The Coq mailing list

[Daniel Schepler <dschepler AT gmail.com>]

On Thu, Nov 8, 2012 at 2:45 PM, Jonas Oberhauser 
<s9joober AT gmail.com>
 wrote:
> Am 08.11.2012 23:03, schrieb Daniel Schepler:
>
>> On Thu, Nov 8, 2012 at 1:15 PM, Jonas Oberhauser 
>> <s9joober AT gmail.com>
>> wrote:
>>>
>>> One thing that has opened my eyes a little bit was this provable
>>> proposition
>>> that Smolka and CE Brown showed to me:
>>>
>>> Goal forall X, forall f : X -> (X -> Prop),  exists g, forall x, f x <>
>>> g.
>>>
>>> What does this mean?

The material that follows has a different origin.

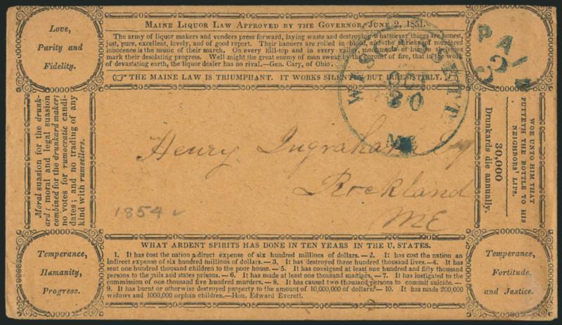 1258 c ImageMaine Liquor Law. Clear strike of blue "Paid 3" arc handstamp with matching "Wiscassett Me. Oct. 30 (1854)" circular datestamp on brown temperance cover to Rockland Me., Brown Thurston, Portland imprint on top flap, with original contents, Extremely Fine (Image)
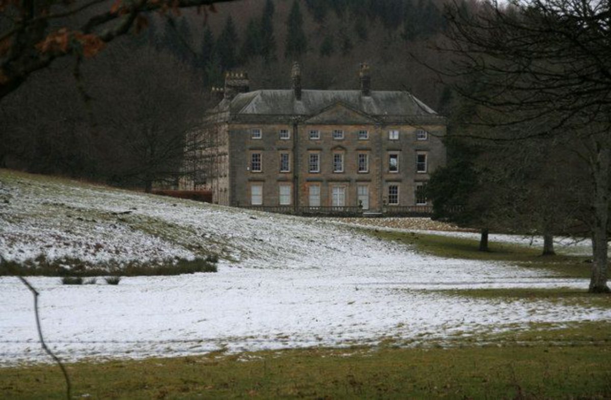 One of the principal views of Hesleyside Hall is from the east when, passing along the public road on the south bank of the river at Spring Plantation, the east front of the Hall appears framed by the east avenue. This east front also forms the view, framed by the avenue and with water in the foreground, as seen from the public road on the north bank of the Tyne when passing along the Bellingham Road, at Cuddies Loup.

Does it mean that there are more "sets of X" than
>>> there
>>> are "elements of X"? Or does it just mean that there is no procedure (in
>>> the
>>> Coq-World) that gives every procedure in (X -> Prop) a unique object of
>>> X?
>>> Certainly you can only write down countably many procedures (or "sets")
>>> in
>>> Coq, but the number of sets of e.g. natural numbers is much larger.
>>
>> I'm not sure exactly what you're trying to get at with this example.
>> Of course it's easy to prove this without axioms:
>>
>> Definition same_set {X} (A B:X->Prop) : Prop :=
>> forall x:X, A x <-> B x.
>>
>> Lemma Cantor_diag: forall {X} (f:X -> (X->Prop)),
>>    exists B:X->Prop, forall x:X, ~ same_set (f x) B.
>>
>> But this is just a refinement of the statement that every
>> undergraduate math major learns.  And since it's also easy to prove
>> A=B -> same_set A B, so ~ same_set A B -> A <> B, your statement is an
>> easy corollary.
>
>
> Maybe I was imprecise. Within the example, I was not arguing about any
> axioms at all. I was talking about meaning. What is the meaning of the
> proposition from above? As far as I can tell, we are not making any claims
> about the existence of a function. We are making claims about procedures.
>
> As soon as you assume axioms, the meaning might change. Excluded middle is
> another good example. "P \/ ~ P", to me, means we can prove P or we can
> refute P. If we can prove this (by either giving a proof of P or refuting
> P), we can establish this claim. Once we assume excluded middle, the meaning
> of "P \/ ~P" somehow changes to "P is true or is false" because certainly we
> do not have a proof term for every proposition or its negation (like
> functional extensionality, which I think is independet of XM).
>
> So when we assume axioms, we need to make sure we understand that we change
> the meaning of things. Otherwise, insanity ensues. Sometimes it is not clear
> in what way the meaning changes.
>
> I have no reason to believe that two procedures that compute the same
> function are equal. I could argue, as you say, that I can not distinguish
> them by the means that Coq gives to me. Maybe that is enough to claim that
> they are leibniz-equal in Coq, but then again, as with the example from
> before, how much impact does a proof of "f = g" then have in the real world?
> I have proven they are equal, but, you know, not really? Only in the
> countable Coq-world? I don't know about this...
>
> As long as the fact that two procedures compute the same function is enough
> to clear the proof obligations, I would not assume such axioms. Maybe for
> some proof goal we have to, maybe it makes things easier. But still I have a
> bad feeling tingling down my spine.
>
> Kind regards, Jonas

OK, I see your point.  And looking back at my argument, it seems to be
pointing more to ~(f <> g) than to f = g...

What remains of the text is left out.